A Python Library provides APIs to move PyTorch Tensors between CPU and NVMe.

## Dependencies

- [liburing](https://github.com/axboe/liburing)
- [libaio](https://pagure.io/libaio)

## Install

This package is only supported on Linux. `liburing` and `libaio` can be automatically installed. `liburing` is supported on Linux >= `5.10`, and it won't be installed if the version of your Linux < `5.10`.

It will search `libaio` and `liburing` in `/usr/lib`, `/usr/lib64` and `$LD_LIBRARY_PATH`. If not found, backends will be installed in `~/.tensornvme`, and `~/.bashrc` will be modified to set `$LD_LIBRARY_PATH` correctly. **Please `source ~/.bashrc` after installation.** If you use other shells, please make sure `$LD_LIBRARY_PATH` is set correctly.

> You must install pytorch and cmake before installing tensornvme.
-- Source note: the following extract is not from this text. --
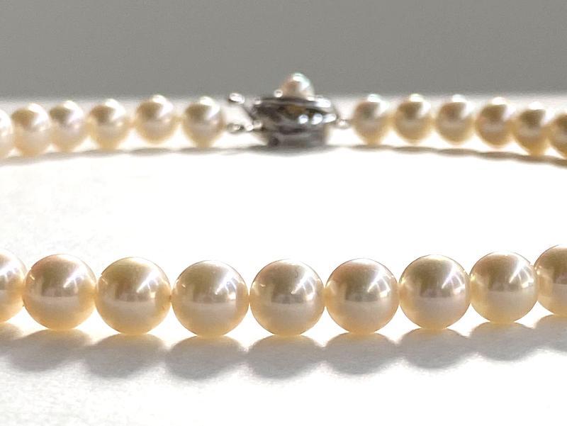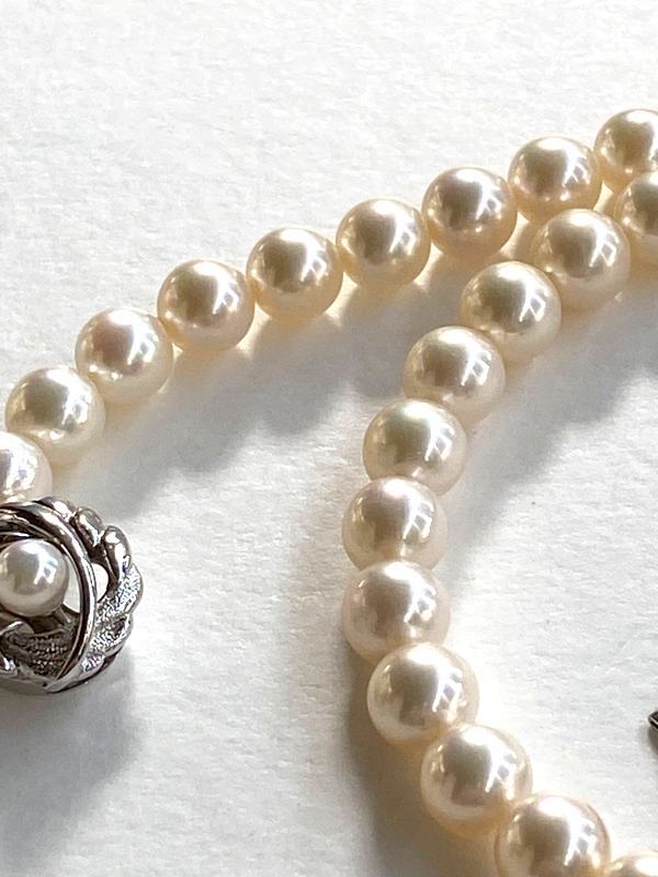 | この度は当店の商品をご覧頂き誠にありがとうございます。 あこや真珠ネックレスが入荷致しましたのでご提案させて頂きます。 7.5㎜アップの人気のサイズになります。 【状態】 見た目での真珠6大要素(大きさは上記参照)ご参考までに 色:照りのいいホワイトにピンクが入っており見事な干渉色を表しております。 照り:強い 形:ラウンド 巻き:厚い 傷:真珠特有のえくぼはございますが目立ちません。 | |

Once you upgrade pytorch, remember to reinstall tensornvme.

### From source

```shell
git clone https://github.com/hpcaitech/TensorNVMe.git && cd TensorNVMe
```

First, install requirements:

```shell
pip install -r requirements.txt
```

To install `tensornvme` with `liburing` and `libaio`:

```shell
pip install -v --no-cache-dir .
```

To install `tensornvme` with only `liburing`:

```shell
DISABLE_AIO=1 pip install -v --no-cache-dir .
```

To install `tensornvme` with only `libaio`:

```shell
DISABLE_URING=1 pip install -v --no-cache-dir .
```

If you want to install `libaio` or `liburing` for system:

```shell
WITH_ROOT=1 sudo pip install -v --no-cache-dir .
```

Then they will be installed in `/usr` and `~/.bashrc` will not be modified. Make sure you have root access.

### From PIP

```shell
pip install packaging
pip install tensornvme
```

All acceptable environment variables are the same as those when installing from source.

## Use docker

```shell
git clone https://github.com/hpcaitech/TensorNVMe.git && cd TensorNVMe/docker && docker build -t tensornvme .
```

## CLI

We provide a CLI to test whether backends work well.

```shell
tensornvme check
```

## Usage

It provide both synchronize and asynchronize I/O API.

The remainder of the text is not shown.